Numerical linear algebra libraries provide many kernels that can be composed to perform complex computations. For a given computation, there is typically a large number of functionally equivalent kernel compositions. Some of these compositions achieve better response times than others for particular data and when executed on a particular computer architecture. Previous research provides methods to enumerate (a subset of) these kernel compositions. In this work, we study the problem of determining the composition that yields the lowest response time. Our approach is based on a response time prediction for each candidate combination. While this prediction could in principle be obtained using analytical and/or empirical performance models, developing accurate such models is known to be challenging. Instead, we define a feature space that captures salient properties of kernel combinations and predict response time using supervised machine learning.
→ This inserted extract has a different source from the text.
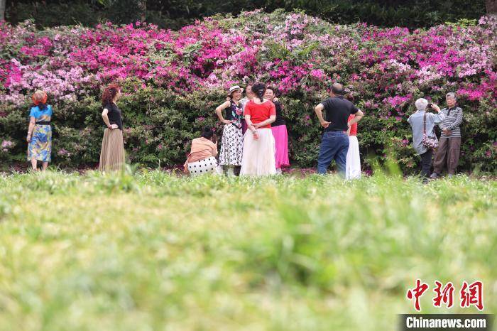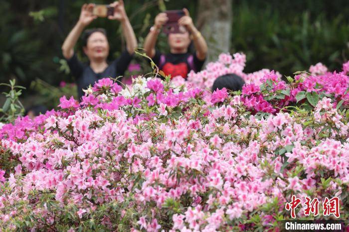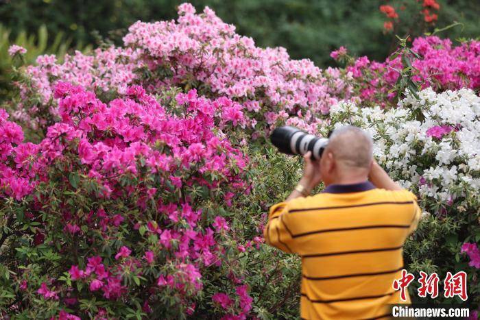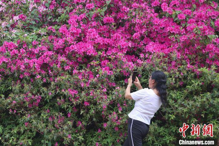 4月17日,绽放的杜鹃花吸引市民拍摄。 瞿宏伦 摄

We experiment with a standard set of machine learning algorithms and identify an effective algorithm for our kernel composition selection problem. Using this algorithm, our approach widely outperforms the strategy that would consist in always using the simplest kernel composition and is often close to the fastest kernel compositions among those evaluated. We quantify the potential benefit of our approach if it were to be implemented as part of an interactive computational tool. We find that although the potential benefit is substantial, a limiting factor is the kernel composition enumeration overhead. Copyright © 2014 John Wiley & Sons, Ltd.

[1]  Ian H. Witten,et al.  The WEKA data mining software: an update , 2009, SKDD.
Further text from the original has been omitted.